(no subject)

Aug 27, 2005 14:11

"Again, he puts the keys down on a shelf, but this time, absorbed in his search for the book, he forgets to take them with him after the volume is located. Under normal circumstances, this wouldn’t have caused a problem. He would have needed the keys to open the door of the apartment, and once he realized his mistake, he would have gone back to fetch them. But that morning, in the frenzy that followed [his] sudden collapse, the door was left open, … he is distracted enough not to pay attention to what he is doing … so he walks straight into the room, turns on the overhead light and kicks the door shut behind him-thereby locking himself in. [He] has installed a self-locking door, and once a person enters that room, he can’t get out again unless he uses a key to unlock the door from the outside.

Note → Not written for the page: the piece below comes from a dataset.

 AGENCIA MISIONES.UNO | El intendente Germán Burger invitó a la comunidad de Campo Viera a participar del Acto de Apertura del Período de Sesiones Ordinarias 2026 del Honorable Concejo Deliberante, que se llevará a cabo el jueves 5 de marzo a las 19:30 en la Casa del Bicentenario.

This is a hydrogen-bomb shelter, not an ordinary room, and the double-insulated walls are four feet thick, the concrete floor extends thirty-six inches below him, and even the ceiling, which [he] thinks will be the most vulnerable spot, is constructed of a plaster and cement combination so solid as to be impregnable …

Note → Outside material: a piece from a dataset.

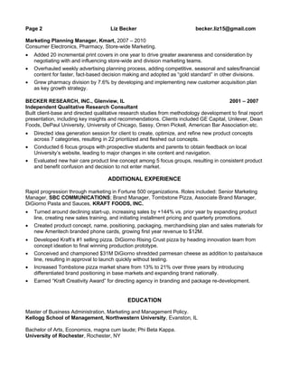 Liz Becker is a strategic B2C marketing leader with over 15 years of experience in marketing planning, new product development, and digital and offline marketing. She has held marketing roles at Barilla, Sears, Kraft Foods, and Ameritech, developing integrated marketing plans, launching new products, and driving business growth. Becker has expertise in consumer insights, market analytics, marketing communications, and leading marketing teams.

With no other option available to him, [he] settles in to wait out his solitary confinement, hoping to discover enough patience and fortitude to bear up to his absurd predicament.

[After he has been in the room for five days], [d]eliverance is at hand, he tells himself. Ed will be coming any time now, and ten minutes after he thinks that thought, the bulb in the overhead light burns out, and [he] finds himself sitting alone in the darkness.”